*** Opening Source information ***

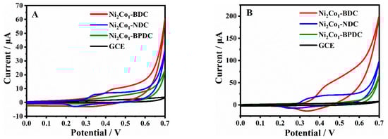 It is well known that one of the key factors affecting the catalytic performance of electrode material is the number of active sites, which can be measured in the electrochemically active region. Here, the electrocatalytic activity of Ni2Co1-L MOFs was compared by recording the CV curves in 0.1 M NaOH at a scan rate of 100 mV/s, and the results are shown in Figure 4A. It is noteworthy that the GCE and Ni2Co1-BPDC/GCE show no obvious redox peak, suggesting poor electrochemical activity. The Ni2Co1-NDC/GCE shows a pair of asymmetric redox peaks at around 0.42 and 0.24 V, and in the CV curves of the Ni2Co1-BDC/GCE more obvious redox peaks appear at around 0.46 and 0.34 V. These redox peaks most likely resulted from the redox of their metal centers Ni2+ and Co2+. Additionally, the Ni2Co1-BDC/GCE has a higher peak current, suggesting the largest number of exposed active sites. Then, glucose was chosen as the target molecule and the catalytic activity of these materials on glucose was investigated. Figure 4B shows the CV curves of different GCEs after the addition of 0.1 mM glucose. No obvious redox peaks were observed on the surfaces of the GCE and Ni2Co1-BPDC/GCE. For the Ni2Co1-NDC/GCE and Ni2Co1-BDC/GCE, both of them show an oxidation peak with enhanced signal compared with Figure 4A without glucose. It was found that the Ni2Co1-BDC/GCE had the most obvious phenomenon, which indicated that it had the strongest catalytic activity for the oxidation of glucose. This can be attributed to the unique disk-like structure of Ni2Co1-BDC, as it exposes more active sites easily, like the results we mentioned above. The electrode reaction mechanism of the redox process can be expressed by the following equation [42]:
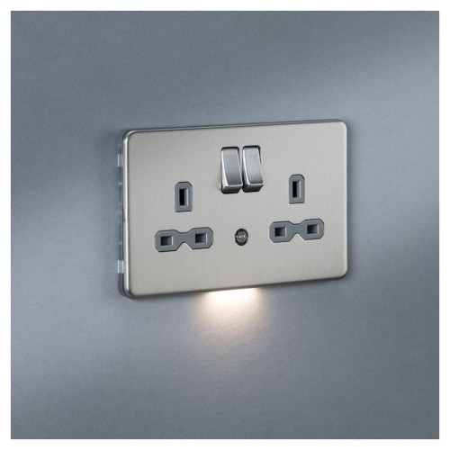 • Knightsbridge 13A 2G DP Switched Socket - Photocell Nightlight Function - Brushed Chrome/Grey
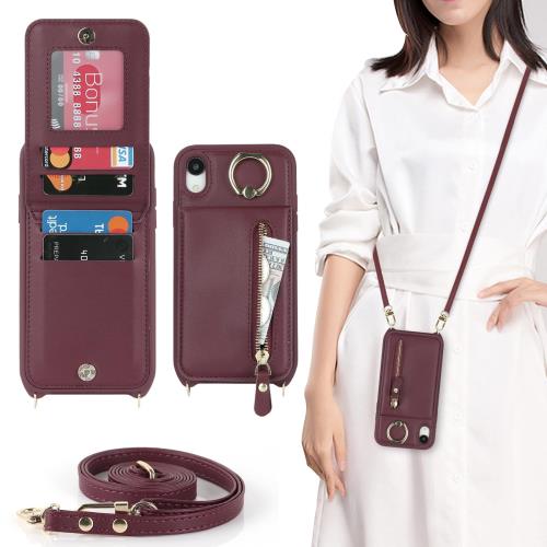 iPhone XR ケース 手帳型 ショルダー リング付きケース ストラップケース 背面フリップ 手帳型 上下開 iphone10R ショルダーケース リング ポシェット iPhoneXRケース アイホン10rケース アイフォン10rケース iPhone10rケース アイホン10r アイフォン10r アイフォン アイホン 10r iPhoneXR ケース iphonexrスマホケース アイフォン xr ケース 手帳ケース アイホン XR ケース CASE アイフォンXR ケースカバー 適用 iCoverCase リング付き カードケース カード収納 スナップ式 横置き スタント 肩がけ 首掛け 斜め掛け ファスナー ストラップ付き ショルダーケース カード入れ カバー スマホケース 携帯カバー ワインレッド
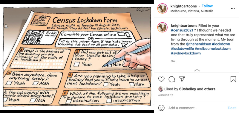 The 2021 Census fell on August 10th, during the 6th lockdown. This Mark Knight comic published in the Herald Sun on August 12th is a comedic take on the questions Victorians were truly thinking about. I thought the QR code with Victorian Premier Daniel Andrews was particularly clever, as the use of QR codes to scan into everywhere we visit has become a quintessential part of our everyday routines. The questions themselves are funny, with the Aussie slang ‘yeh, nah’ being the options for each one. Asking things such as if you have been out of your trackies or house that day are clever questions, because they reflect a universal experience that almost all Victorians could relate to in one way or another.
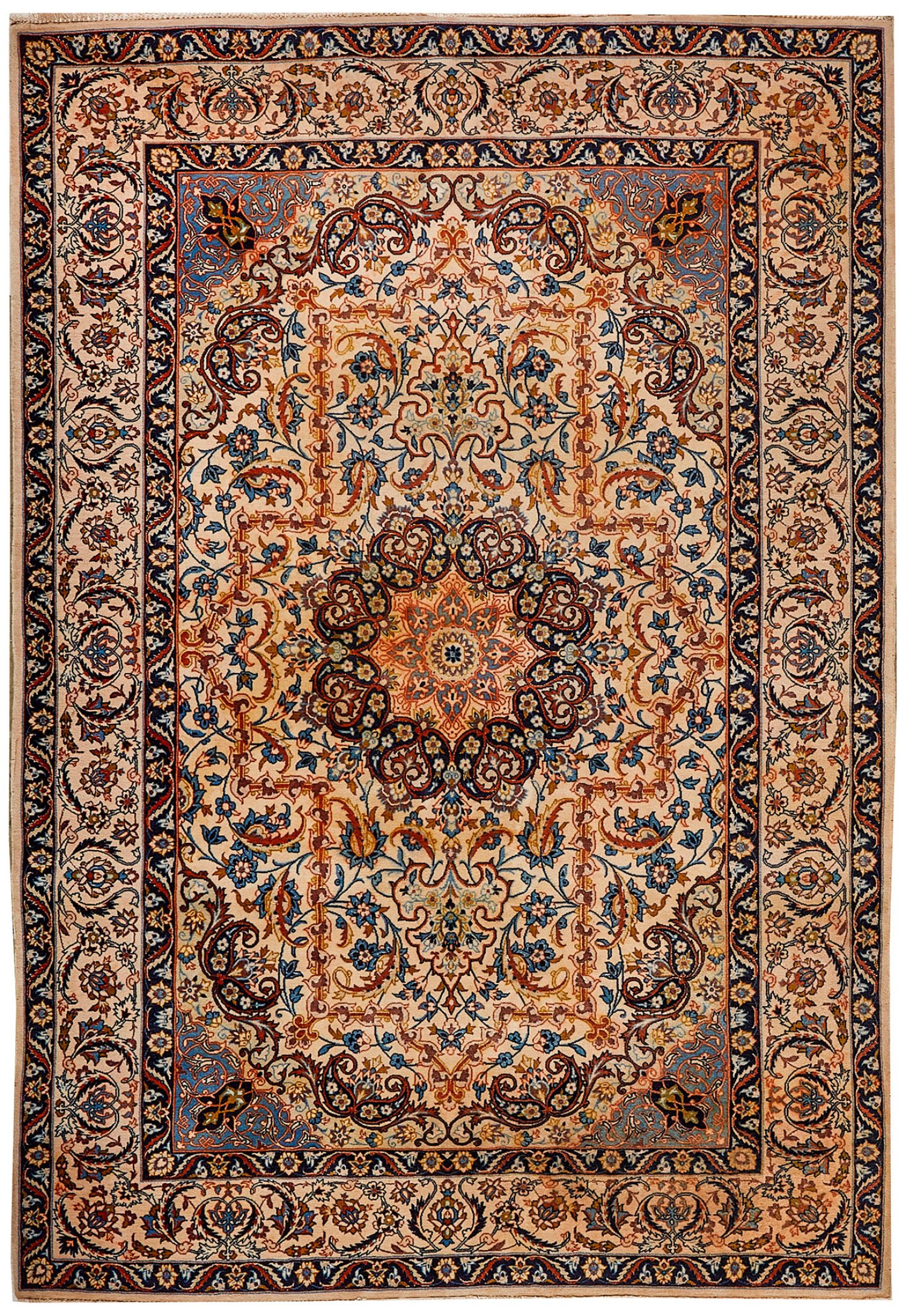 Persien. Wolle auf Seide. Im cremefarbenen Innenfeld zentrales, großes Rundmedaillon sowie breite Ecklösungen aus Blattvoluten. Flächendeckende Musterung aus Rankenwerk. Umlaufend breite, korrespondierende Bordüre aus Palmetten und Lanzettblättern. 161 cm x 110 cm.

*** Closing Source information ***

• [The task]
Retype exactly the lines from the one containing "The 2021 Census" through the last line of the records above, both included, and leave out any pictures.

• [Answer for the task]
 The 2021 Census fell on August 10th, during the 6th lockdown. This Mark Knight comic published in the Herald Sun on August 12th is a comedic take on the questions Victorians were truly thinking about. I thought the QR code with Victorian Premier Daniel Andrews was particularly clever, as the use of QR codes to scan into everywhere we visit has become a quintessential part of our everyday routines. The questions themselves are funny, with the Aussie slang ‘yeh, nah’ being the options for each one. Asking things such as if you have been out of your trackies or house that day are clever questions, because they reflect a universal experience that almost all Victorians could relate to in one way or another.
 Persien. Wolle auf Seide. Im cremefarbenen Innenfeld zentrales, großes Rundmedaillon sowie breite Ecklösungen aus Blattvoluten. Flächendeckende Musterung aus Rankenwerk. Umlaufend breite, korrespondierende Bordüre aus Palmetten und Lanzettblättern. 161 cm x 110 cm.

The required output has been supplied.